Modeling the Transport of Sediments and Hydrophobic Contaminants in the Lower Saginaw River

Document Type



Engineering (HMC)

Publication Date



A study of processes that are significant in the transport and fate of sediments and hydrophobic contaminants in the lower Saginaw River over long periods of time, up to 25 years, has been made. The numerical model used in the analysis consists of a two-dimensional, vertically-integrated, time-dependent hydrodynamic and sediment transport model coupled (a) with a three-dimensional, time-dependent model of the dynamics of the sediment bed and its properties and (b) with a model of the transport and fate of hydrophobic contaminants. Calculations of sediment transport for different magnitude flow events demonstrate the variations in erosion and deposition at different sites and the dependence of this erosion and deposition on the flow rate. These calculations also illustrate the inherent variability, or uncertainty, in any long-term predictions since the results depend to a great extent on the times of occurrence of the largest flow events, times which can not be predicted but are only known statistically.
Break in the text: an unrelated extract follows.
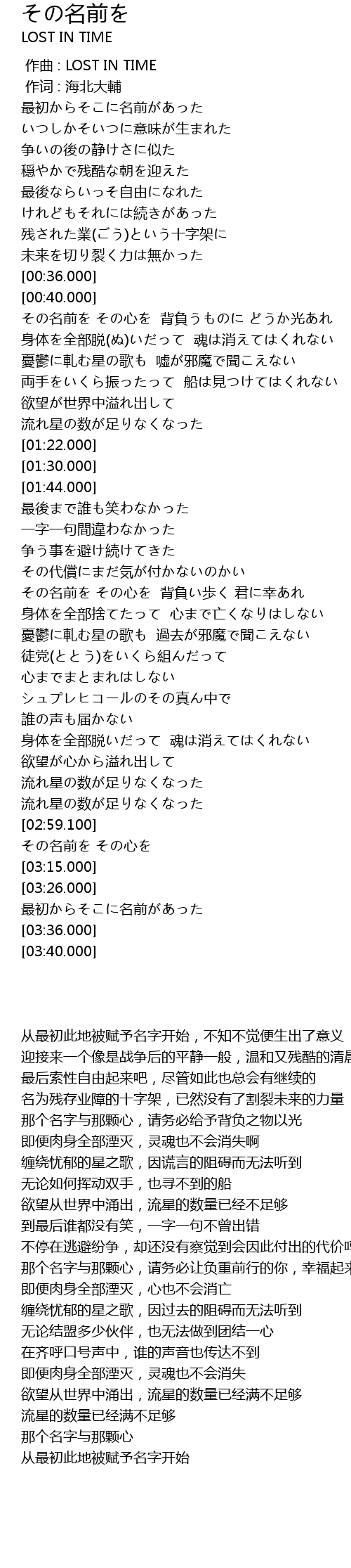 | [00:01.000] | 最初からそこに名前があった いつしかそいつに意味が生まれた |

The transport and fate of PCBs were also investigated with the emphasis on the effects of (a) large flow events, (b) incoming upstream PCB loads, and (c) burial of contaminated sediments by clean sediments with subsequent erosion of sediments by a large flow event. The analysis clearly shows that the major erosion of contaminated sediments occurs at the edge of the river channel with little erosion of contaminated sediments in the near-shore area.